Recorded data:

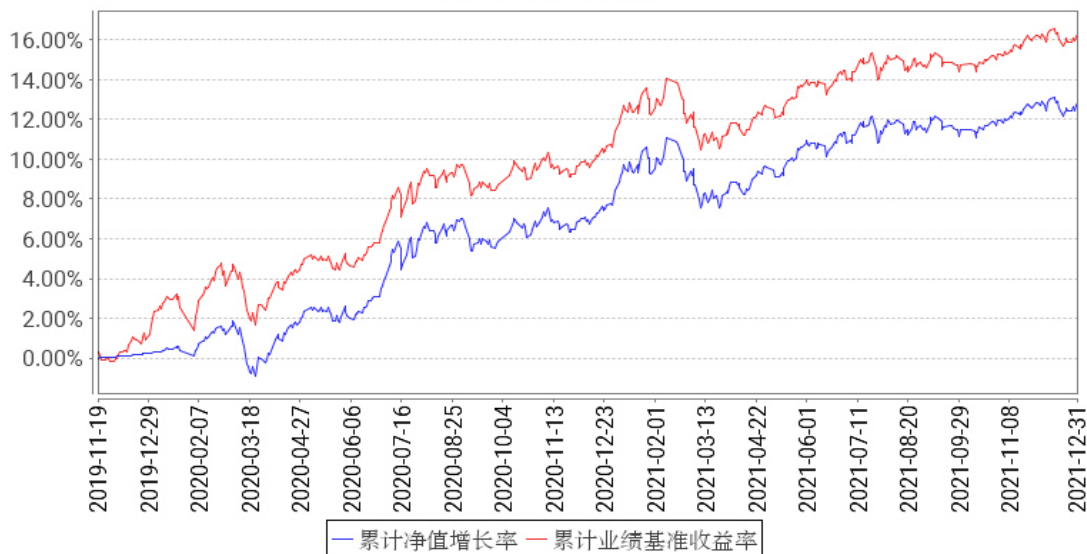
工银智远配置三个月持有期混合FOF累计净值增长率与同期业绩比较基准收益率的历史走势对比图
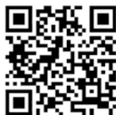
▲ YouTube アカウント 東秩父村地域おこし協力隊

2月下旬にはポピーの種まきに参加させていただきました。去年は新型コロナウイルスの影響で中止になってしまったので、今年は開催できるようにと心から願いを込めて種をまきました。
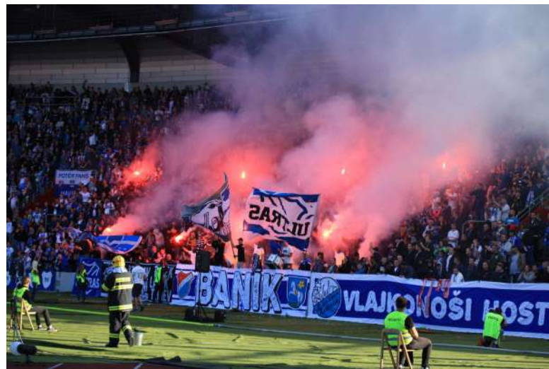
Primitivní rasismus je nadále doménou fotbalových hooligans a ultras [2]

Ruská federace v České republice podniká hybridní operace – ministr vnitra Rakušan tvrdí, že proti Česku Rusko průběžně podniká zejména kybernetické útoky. „Když k tomu připočtu, že policisté zadrželi Kolumbijce podezřelého ze zhářství na objednávku ruských bezpečnostních složek, je jasné, že Rusko proti nám útočí všemi možnými prostředky,“ dodává. S podezřením na sabotáže řízené z území Ruské federace
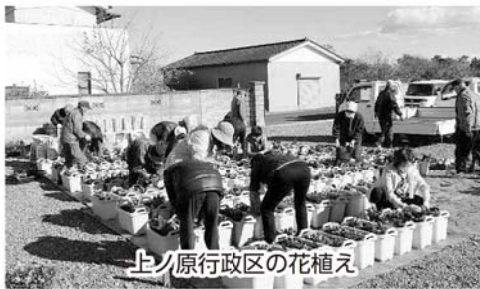
上ノ原行政区の花植え

高瀬や川添、樋渡・牛渡の行政区では、地域の拠り所である神社仏閣が再建されたことで、盆踊りや例大祭などの地域行事が復活する動きがあり、震災と原発事故以前に見られた季節の風景が戻りつつあります。また、近年では、移住した人も積極的に地域の輪に入り、地域を支える姿が見られるようになりました。
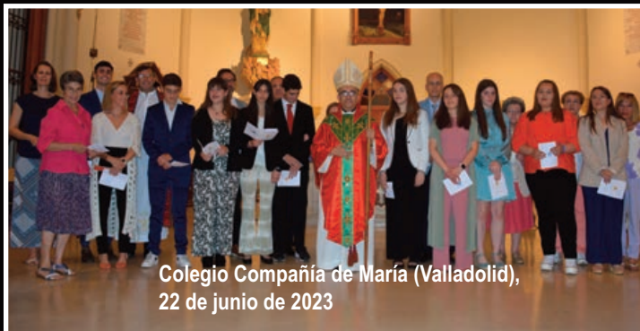
Colegio Compañía de María (Valladolid), 22 de junio de 2023
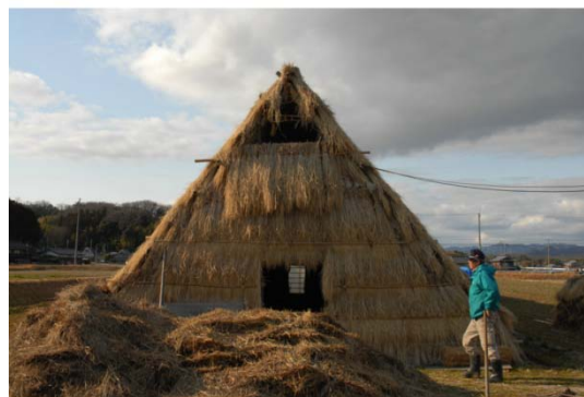
兵庫県三田市のウド小屋

兵庫県三田市における稲藁葺きのウド小屋について建設現場の調査を行い、稲藁葺きの材料の調達、葺き方、解体の方法までの一連の技術を明らかにした。葺き方は、軒付けを稲藁の束を真葺きとし、平葺きはあらかじめ作成したトマを逆葺きとして葺き重ね、棟仕舞は稲藁の束を編んでおさめる。トマの耐久性は約5年である。このようなウド小屋に見られるトマの逆葺きは、仮設建築や簡便な住宅の屋根として、近畿地方で広く行われていたものを今日に伝えるものとして貴重な資料である。
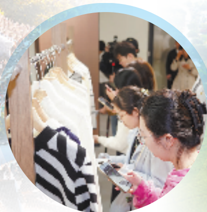
消费者扫描毛衫上的“数字身份证”
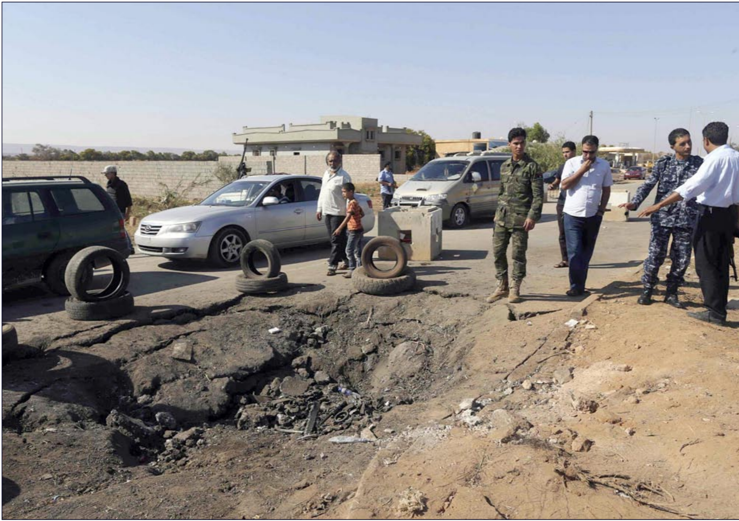
التفجير الانتحاري خلف ضحايا في بنغازي

■ ليبيا - وكالات : قال مسؤول بالجيش ان شخصين على الأقل قتلوا واصيب ستة في انفجار ضخم عند نقطة تفتيش للجيش خارج مدينة بنغازي بشرق ليبيا عندما فجر انتحاري نفسه ليل الأربعاء في البوابة الأمنية لمنطقة برسس التي تبعد حوالي 50 كلم شرق مدينة بنغازي الليبية، فيما أعلنت قوات حفتر انها ألقت القبض على المتهم الرئيسي بمحاولة اغتياله، بينما عقد رئيس حكومة تصريف الأعمال عبد الله الثني اجتماعا موسعا للجيش الليبي للبحث الموقف الأمني والعسكري في البلاد، في وقت قال فيه مسؤول في تنظيم انصار الشريعة ان التنظيم مستعد لتسليم سلاحه إذا نص الدستور الجاري كتابته على تطبيق الشريعة الإسلامية.

What you have to do: Your task is to repeat exactly the lines from the beginning of the data to the line that contains "التفجير الانتحاري خلف ضحايا في بنغازي", both ends included, leaving out pictures.

Exercise output:
工银智远配置三个月持有期混合FOF累计净值增长率与同期业绩比较基准收益率的历史走势对比图
▲ YouTube アカウント 東秩父村地域おこし協力隊

2月下旬にはポピーの種まきに参加させていただきました。去年は新型コロナウイルスの影響で中止になってしまったので、今年は開催できるようにと心から願いを込めて種をまきました。
Primitivní rasismus je nadále doménou fotbalových hooligans a ultras [2]

Ruská federace v České republice podniká hybridní operace – ministr vnitra Rakušan tvrdí, že proti Česku Rusko průběžně podniká zejména kybernetické útoky. „Když k tomu připočtu, že policisté zadrželi Kolumbijce podezřelého ze zhářství na objednávku ruských bezpečnostních složek, je jasné, že Rusko proti nám útočí všemi možnými prostředky,“ dodává. S podezřením na sabotáže řízené z území Ruské federace
上ノ原行政区の花植え

高瀬や川添、樋渡・牛渡の行政区では、地域の拠り所である神社仏閣が再建されたことで、盆踊りや例大祭などの地域行事が復活する動きがあり、震災と原発事故以前に見られた季節の風景が戻りつつあります。また、近年では、移住した人も積極的に地域の輪に入り、地域を支える姿が見られるようになりました。
Colegio Compañía de María (Valladolid), 22 de junio de 2023
兵庫県三田市のウド小屋

兵庫県三田市における稲藁葺きのウド小屋について建設現場の調査を行い、稲藁葺きの材料の調達、葺き方、解体の方法までの一連の技術を明らかにした。葺き方は、軒付けを稲藁の束を真葺きとし、平葺きはあらかじめ作成したトマを逆葺きとして葺き重ね、棟仕舞は稲藁の束を編んでおさめる。トマの耐久性は約5年である。このようなウド小屋に見られるトマの逆葺きは、仮設建築や簡便な住宅の屋根として、近畿地方で広く行われていたものを今日に伝えるものとして貴重な資料である。
消费者扫描毛衫上的“数字身份证”
التفجير الانتحاري خلف ضحايا في بنغازي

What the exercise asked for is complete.